I don't see how it benefits you to deny history. We exist in the context, etc etc

[–] whoreticulture@lemmy.world -3 points 2 months ago (1 children)

And here you are kind of defending the Republicans? Like, oh the vote margin was small so it was kind of okay? Wtf? lol

Why wouldn't there be narrow vote margins again? It's not implausible.

[–] PugJesus@lemmy.world 5 points 2 months ago (1 children)

And here you are kind of defending the Republicans? Like, oh the vote margin was small so it was kind of okay? Wtf? lol

You asked me what would stop it, not what was okay. Or have you forgotten?

[–] whoreticulture@lemmy.world -1 points 2 months ago (1 children)

So ... it could happen again? I just don't see what you're trying to do here by saying this. It could definitely happen again.

[–] PugJesus@lemmy.world 4 points 2 months ago (1 children)

Are you just being deliberately obtuse?

[–] whoreticulture@lemmy.world -1 points 2 months ago* (last edited 2 months ago)

So yes, it could happen again. With a small enough margin. Which, is not out of the question.

[–] PugJesus@lemmy.world 8 points 2 months ago (1 children)

As an American, let me assure you, there are plenty of swing voters. Altogether too many, honestly. People who are deeply political often spend their time around others who are deeply political, which colors their views significantly.

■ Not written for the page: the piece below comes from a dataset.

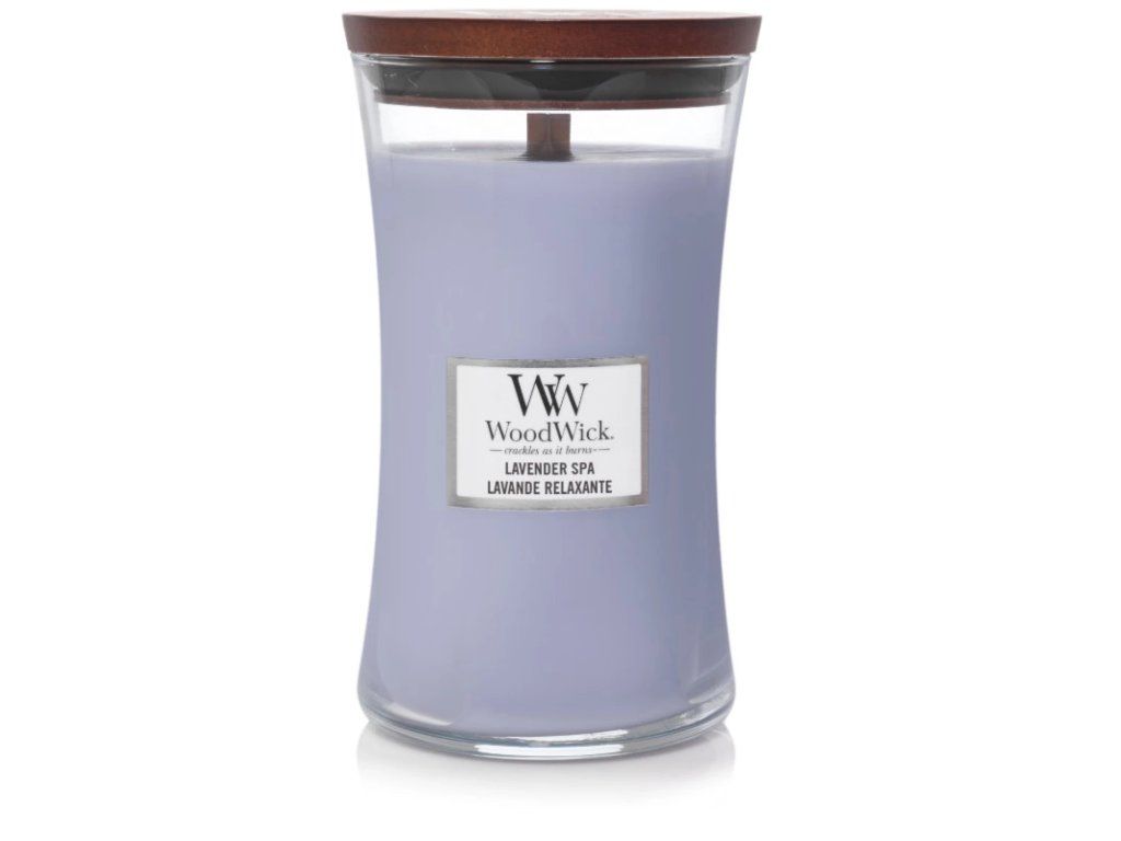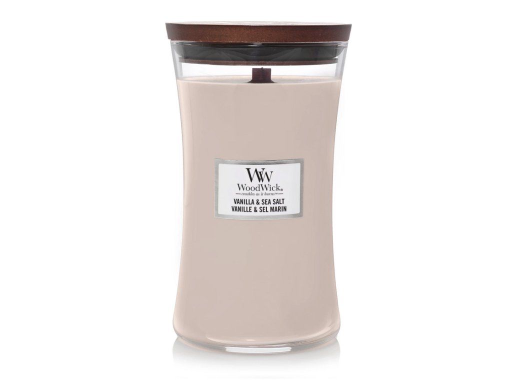 Veľká sviečka Woodwick v elegantnom tvare presýpacích hodín s originálnym dreveným vrchnákom, zútulní Váš domov a naplní ho dlhotrvajúcou vôňou. Patentovaný tvar dreveného knôtu Pluswick vytvára upokojujúci zvuk praskajúceho ohňa. Je vyrobený špeciálnou technológiou, vďaka ktorej zabezpečuje rýchlejšie prevoňanie interiéru. Hladká zmes sójového vosku a najkvalitnejšieho parafínu je zmiešaná s čistými prírodnými esenciami. Veľká sviečka WoodWick Vám ponúka 120 hodín skutočného potešenia z vône.

The Dem tendency to chase the swing voter is real, and counterproductive, but it's not for an imaginary voter. The issue is that the swing voter they're trying to appeal to isn't voting on policy. They're voting on feelings. So when the Dems move their policy right, they piss off and demoralize large amounts of left-leaning voters, but do only a little to sway swing voters.